▸ **Task details**
Reproduce only this stretch of the listing below: from the line with "三指点穴:此法运用拇、食、中" through the line with "j*****y5Plus Size Ruched", exactly as written, with pictures excluded.

▸ **Exercise data**
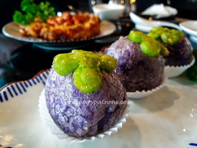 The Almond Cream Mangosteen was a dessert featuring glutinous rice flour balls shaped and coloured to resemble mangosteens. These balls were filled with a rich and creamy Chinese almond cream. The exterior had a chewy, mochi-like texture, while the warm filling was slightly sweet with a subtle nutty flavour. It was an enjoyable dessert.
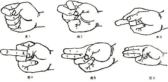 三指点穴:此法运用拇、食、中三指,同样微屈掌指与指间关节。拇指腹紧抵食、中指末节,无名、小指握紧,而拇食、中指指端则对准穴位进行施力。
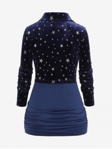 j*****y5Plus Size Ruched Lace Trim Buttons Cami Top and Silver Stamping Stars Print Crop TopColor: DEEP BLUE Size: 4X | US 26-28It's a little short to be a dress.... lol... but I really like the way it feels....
* * *
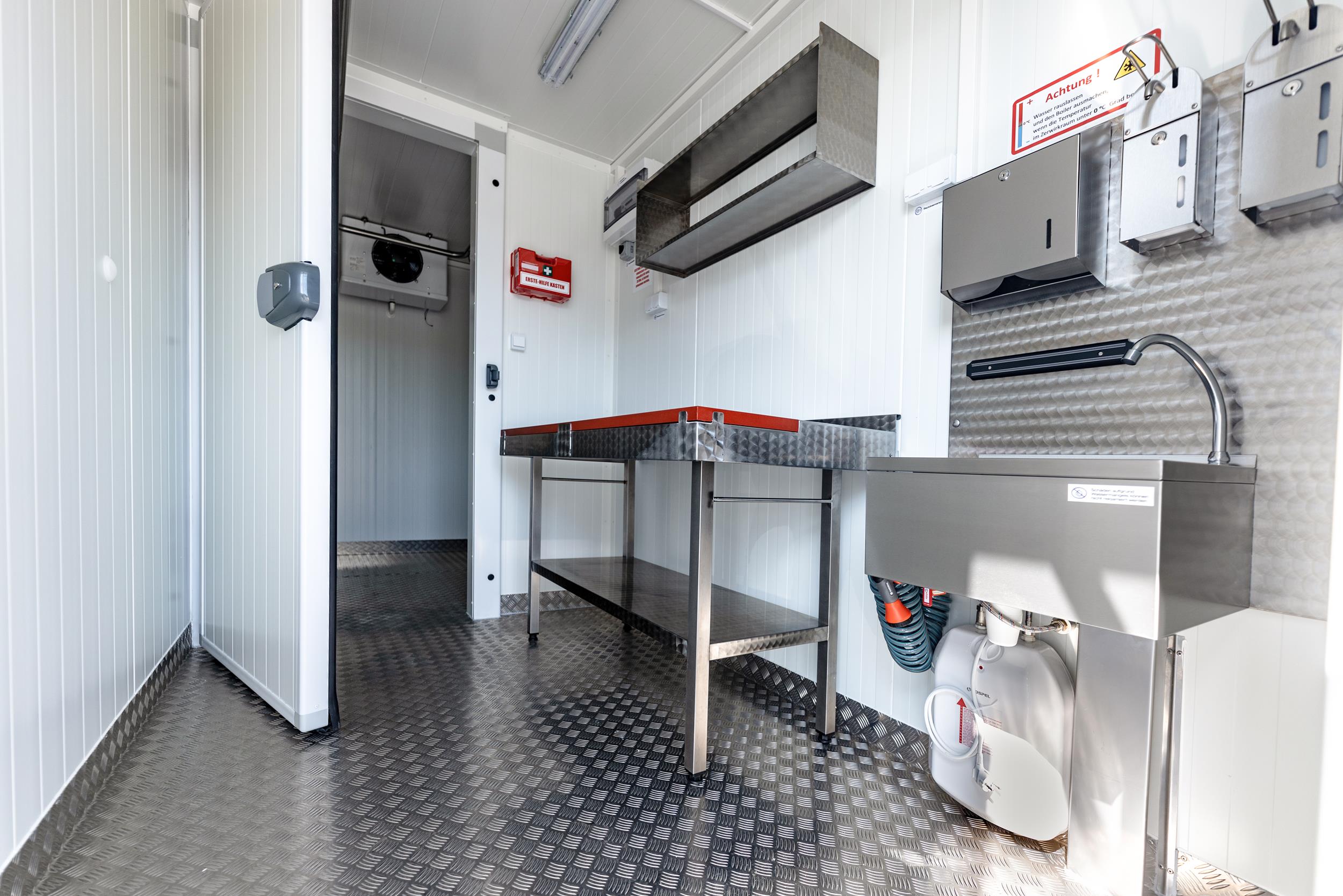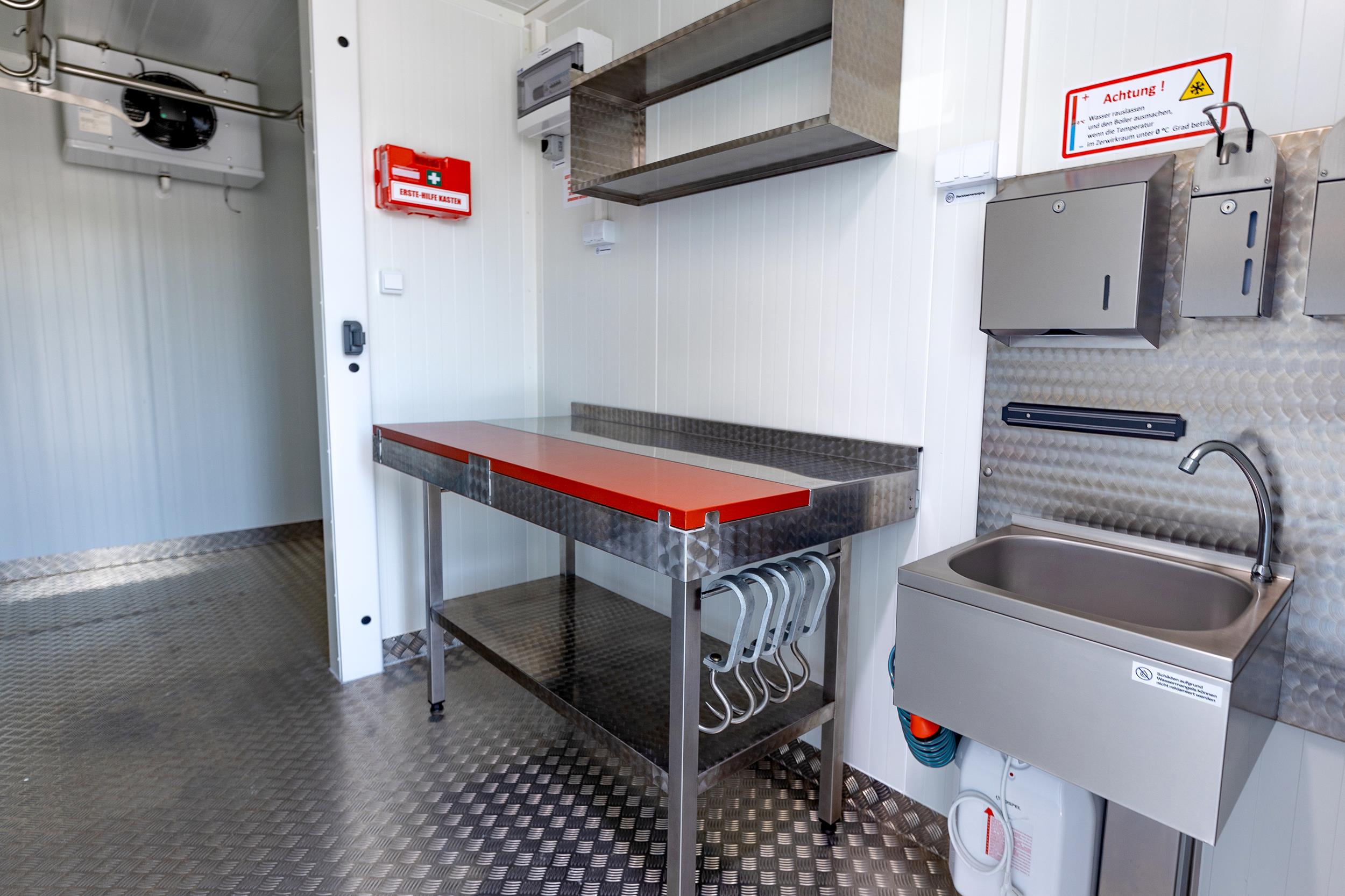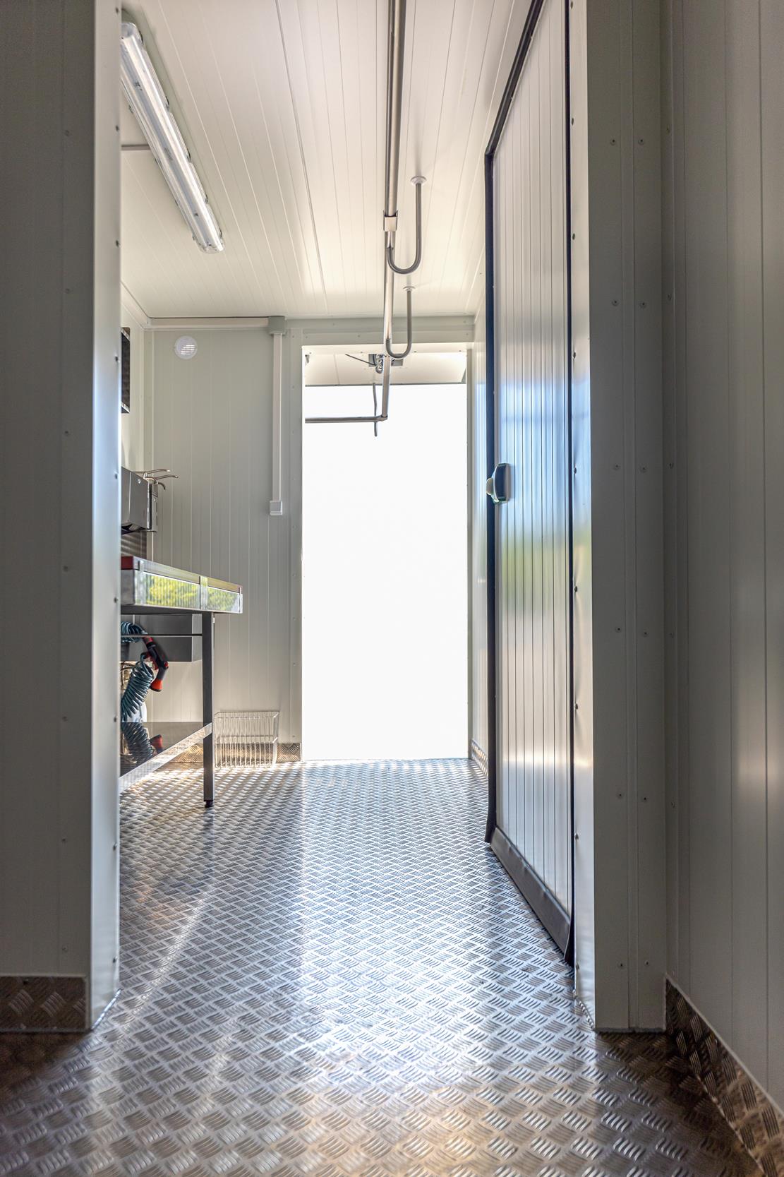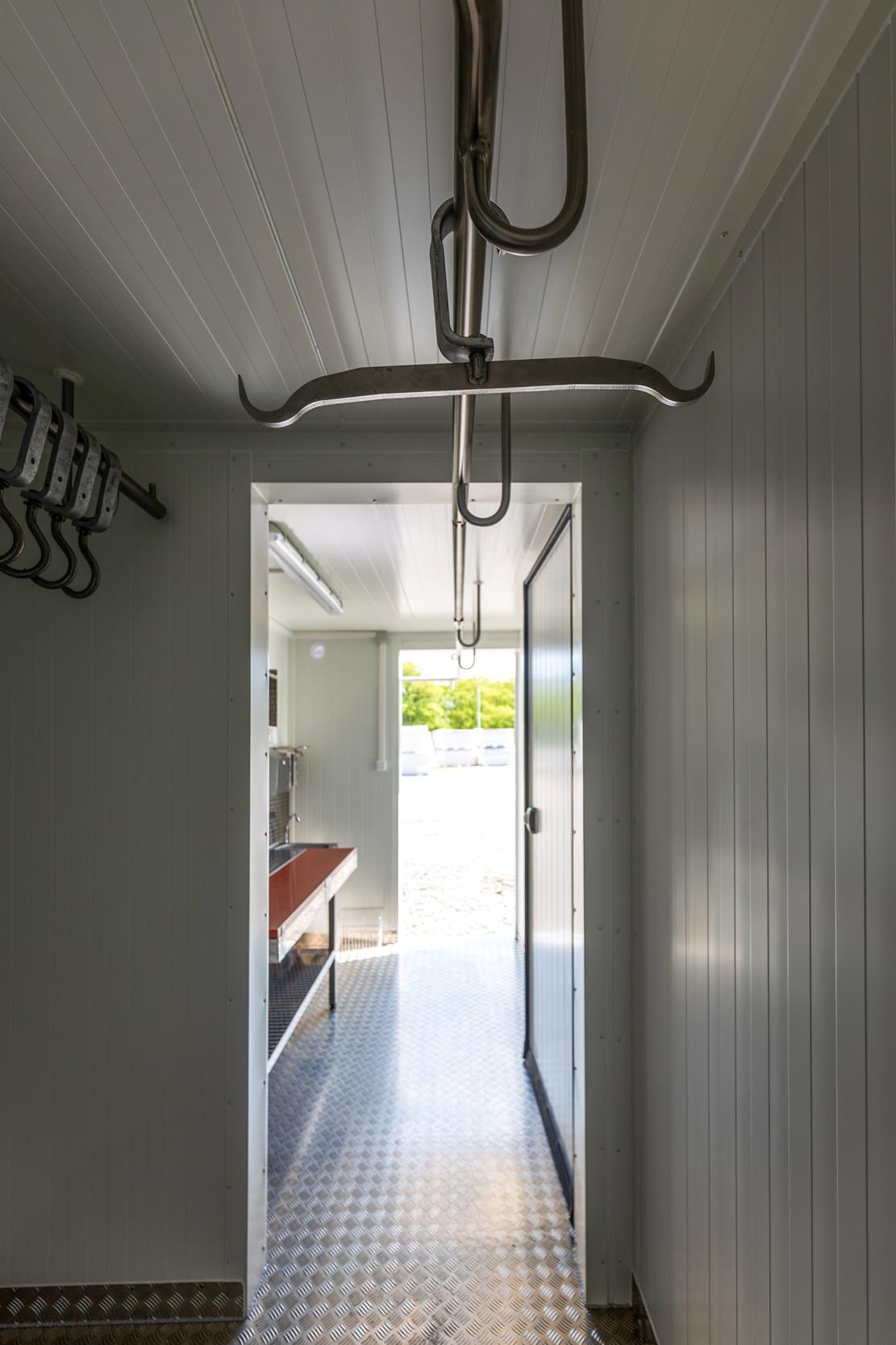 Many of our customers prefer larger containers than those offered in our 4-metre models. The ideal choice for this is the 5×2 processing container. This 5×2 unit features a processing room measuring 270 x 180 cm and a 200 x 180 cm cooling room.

▸ **Finished exercise**
 三指点穴:此法运用拇、食、中三指,同样微屈掌指与指间关节。拇指腹紧抵食、中指末节,无名、小指握紧,而拇食、中指指端则对准穴位进行施力。
 j*****y5Plus Size Ruched Lace Trim Buttons Cami Top and Silver Stamping Stars Print Crop TopColor: DEEP BLUE Size: 4X | US 26-28It's a little short to be a dress.... lol... but I really like the way it feels....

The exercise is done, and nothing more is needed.